Distribution 2020: A Big Change For Travel Agents
by Michele McDonaldPhoto: IATA
The year 2020 is less than four years away, but there will be at least one significant development on the travel distribution front, according to Henry Harteveldt, travel analyst with Atmosphere Research Group in San Francisco.
“The implementation of NDC (IATA’s New Distribution Capability technical standard) will have the most profound effect because of what it will enable,” Harteveldt said. “Travel agents will be able to sell relevant, personal offers to better serve their clients.”
The move to an NDC world will be an ongoing process rather than a “Hollywood-style miracle.” But that process is already under way. “NDC is now being used day in and day out in the real world,” Harteveldt said. “This is the first wave, and it’s nowhere near the finished state. It is an evolving set of standards and commands.”
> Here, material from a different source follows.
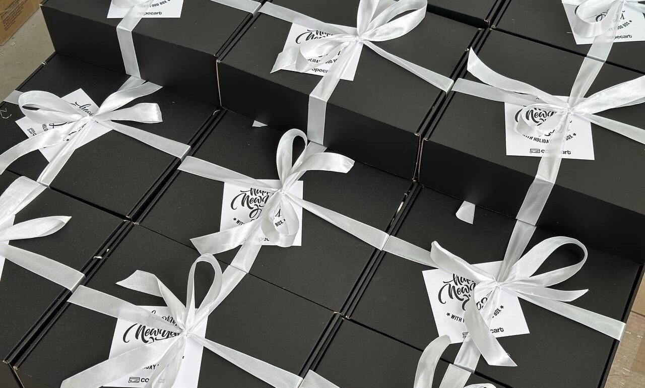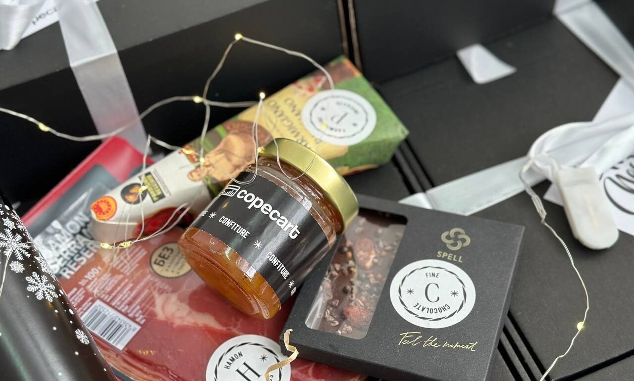 Набір “Christmas Food Box” обрала компанія Copecart, але захотіли виконати пакування не в дерев’яній коробочці. На заміну запропонували коробку з міцного картону чорного кольору, якраз під корпоративний колір клієнта ; )

Harteveldt believes that agents will appreciate the potential NDC offers to give clients what they really want. “That will be different things for different people,” he said. “Some people want cheap—they’re fine with a seat and a seatbelt, whether they’re on a domestic flight or flying to Asia or Africa. Others will want a mix of amenities.”
Ideally, he said, the system with which the agent is working will provide some offers to suggest to the client; if those don’t work, it will offer something else.
Still, Harteveldt has some concerns: “How will the process work so that productivity is not compromised?”
Agency owners have told him that their front-line employees are spending a considerable amount of time processing sales of ancillary products, which at this point are mostly paid seats, and the agency is not being compensated for the extra time and work—“that’s not really a good situation, and I understand their concerns.”
Agents also wonder how they are supposed to compare offers from different airlines. “Will it be easy to understand what’s included? Will it be straightforward?”
But Harteveldt is encouraged on that front. He believes that IATA, the GDSs and the airlines understand that the shopping and purchase process has to be thought through extremely thoroughly—and that the airlines are very aware that agents have only so much time. ASTA has been helpful in making the need for balance clear to the airlines, he said.
Where he sees a need for more attention is in training. “Airlines and GDSs have not begun to have conversations with agents about NDC,” he cautioned. “Who will provide what kind of training? There are a lot of unknowns out there that have to be answered.”
IATA is working hard to minimize hiccups, but Harteveldt is concerned that there will be “things we didn’t know we didn’t know.
Still, while the first wave of implementation may not be stellar, he is confident that subsequent waves will be “better, more useful and easier.”
Plus ca change
Despite the big changes on the horizon, many things will remain the same in the travel distribution channel over the next five years, Hartevedlt said. “Travel agencies will still be around,” he noted—though how they do business will differ. “There will probably be fewer of them, and more of them will be home-based.”
More airlines are likely to embrace direct connections with travel management companies, and agencies may be moved to set up their own “switches” and business rules—thinking, “for this type of booking, I will use this GDS, and for that type, I will use another, and for a third type I will use a direct connection developed by Farelogix,” Harteveldt said. The important thing in such a regime is to maintain “a consolidated view.”
Harteveldt moderated a panel discussion titled “Travel Distribution 2020: Movers, Shakers and Upstarts” at the ASTA Global Convention in Reno on Tuesday. He was joined by David Friderici, vice president and head of product management and strategy at IBS Software Services; Gary Tofano, director of account management for Travelport’s Americas agency commerce business; and Stewart Alvarez, vice president of commercial development and industry affairs at Amadeus North America.